EUが13歳未満の子どものSNS利用制限へ — 世界のデジタル児童保護規制の潮流

EUが13歳未満の子どものSNS利用制限へ — 世界のデジタル児童保護規制の潮流

2026年7月13日、EUのウルズラ・フォン・デア・ライエン欧州委員長は、13歳未満の子どもによるソーシャルメディア利用を制限する方針を発表しました。専門家パネルが提出した最終報告書を受け、2026年9月の施政方針演説での立法提案が見込まれています。

これは単一の地域の出来事ではありません。世界は今、子どものSNS利用をめぐる規制の「同時進行」の渦中にあります。

オーストラリアは2025年12月、世界に先駆けて16歳未満のSNS利用を禁止する法律を施行しました。対象はFacebook、Instagram、TikTok、X、YouTubeなど10のプラットフォームで、違反企業には最大約54億6,000万円の罰金が科されます。イギリスもこれに続き、2027年春をメドに16歳未満のSNS禁止を決定。「子どもたちに子ども時代を取り戻そう」と政府は宣言しています。

そして日本でも、総務省が2026年4月にSNS利用開始時の年齢制限を事業者に求める案を提示しました。政府は法改正も視野に、2026年夏にも対策を取りまとめる方針です。

なぜこれほど短期間に、これだけ多くの国が動いているのでしょうか。

理由は明確です。ユーロバロメーターの最新調査(2026年3〜4月、EU27加盟国約39,000人対象)によれば、13〜18歳の平日のスクリーン時間は平均4.5時間、週末は6.1時間に達し、14%は1日10時間を超えています。しかも、10歳未満でSNSを始めた子どもは週末7.5時間——14歳以降に始めた子どもの5.7時間と比べて1.8時間も長く、開始年齢が早いほど依存傾向が強まることがデータで示されています。3人に1人がSNSでストレスや悲しみ、孤立感を体験しており、欧州市民の92%が「子どものオンライン保護強化」を最優先政策に挙げています。
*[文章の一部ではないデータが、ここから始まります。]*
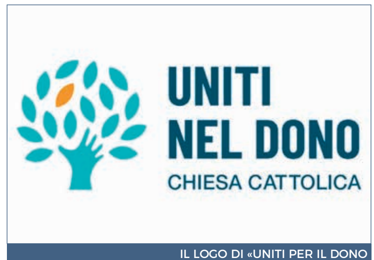
IL LOGO DI «UNITI PER IL DONO»

mazione e creare disorientamento. Più volte ribadito che, anche in questi anni di pandemia, e perciò di difficoltà per molte famiglie, la Chiesa, grazie ai fondi Ottopermille, ha rappresentato un punto di riferimento e un sostegno efficace, grazie alle Caritas diocesane, e ai numerosi cantieri aperti in tutta l'Isola, per restauro di beni culturali ed edilizia di culto, che hanno dato e danno, ossigeno ad una economia del settore edilizio e alle famiglie che vi lavorano. Il progetto «Uniti nel dono», che partirà a breve, sarà una preziosa opportunità per ribadire l'impegno, la presenza fattiva della chiesa nel territorio, e per cercare di arginare una pericolosa deriva, alimentata anche da una campagna denigratoria su come le risorse vengono utilizzate. La trasparenza che da alcuni anni caratterizza una rendicontazione
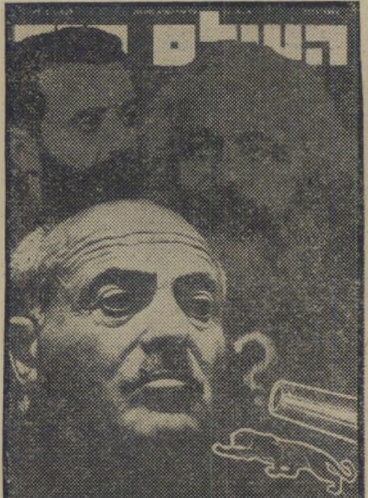
איש השנה תשל"א מזכיר ההסתדרות בר-אהרון
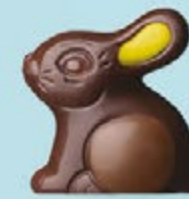
Praliné et éclats d'amandes caramélisées
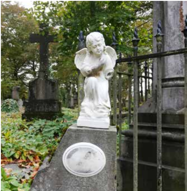
Engel: de engel is de begeleider van de ziel van de overledene naar het hiernamaals. Engeltjes komen frequent voor bij graven van kinderen en verwijzen naar de onschuld van het kind.
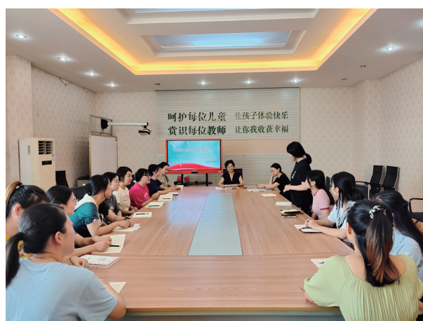
新生“云家访”工作启动

近日，京口区贺家弄幼儿园组织党员集中政治学习，分享学习体会。大家表示，一定要立足本职岗位，发挥模范作用，在工作和生活中勇于自我革命，不断自我净化、自我完善、自我革新、自我提高，切实为幼儿教育事业“跑起来”贡献力量。
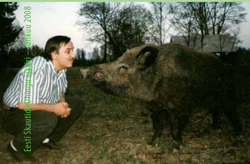
Eesti Skautide Ühingu ajakiri – juunikuu 2008

Metssiga elab meil niiskemates kuuse-, sega- ja lehtmetsas, kus kasvab rohkem põõsaid, on lopsakat alustaimestikku puude all, kust toitu leida. Teda võib kohata ka okaspuutihnikutes, sooservades, jõgede ääres, kus kasvab pilliroogu, põldude lähedastes metsades – üldse seal, kus ta leiab endale toitu ja varju. Suvel eelistab ta elada rohkem soistes leht- ja segametsades, talvel aga tihedama alusmetsaga kuusikutes.
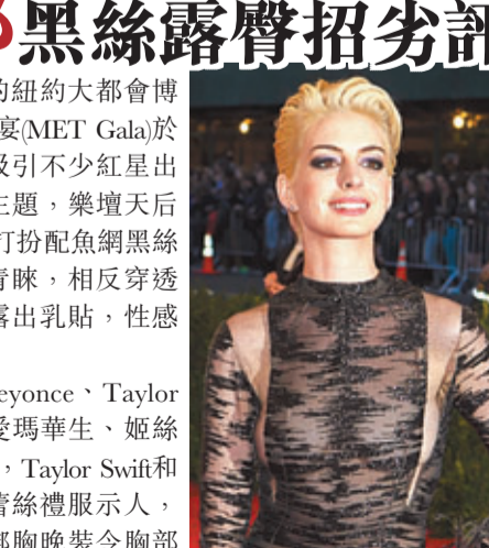
■安妮夏菲維透視裝非常惹眼。
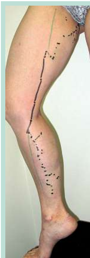
FIGURE 2 : Incontinence de la GVS issue de veines périnéales.
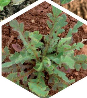
Vallmo Papaver rhoeas
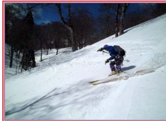
ブナ林へカッ飛ば私

本記事では、世界の3つの規制アプローチ——オーストラリア型の「年齢禁止」、EU型の「設計規制」、そして日本の「検討中」——を比較し、日本がどの選択肢を取るべきかを考えます。


EUの「段階的アクセス」アプローチとは何か

EUが選んだ道は、オーストラリアのような「全面禁止」ではありません。子どもの発達段階に応じた段階的アクセス(progressive access)という、より緻密な設計規制のアプローチです。

3つの年齢区分

フォン・デア・ライエン委員長が設置した「子どものオンライン安全に関する専門家パネル」——ウルム大学のフェーゲルト教授とフランス国立衛生医学研究所のメルシオール氏が共同議長を務め、医療・神経科学・心理学・ITの専門家と若者代表が3回の会合でまとめた報告書——は、以下の年齢区分を提示しました。

年齢層 アクセスのあり方
3歳未満 スクリーンそのものを使わせない
3〜12歳 保護者・教師の監督下で、年齢に適したサービスのみ利用
13〜18歳 安全機能付きプラットフォーム上で「段階的な自律利用」

重要なのは、これが単なる「年齢による締め出し」ではないという点です。設計の核心は立証責任の転倒にあります。プラットフォーム企業が自らのサービスの安全性を設計段階で証明できなければ、13歳未満へのアクセスは制限される——つまり、規制される側ではなく、規制をクリアする側に企業を置く設計なのです。

フォン・デア・ライエン委員長の問いかけ

報告書を受け入れる姿勢を明確にした委員長は、問題の枠組みそのものを転換する問いを投げかけました。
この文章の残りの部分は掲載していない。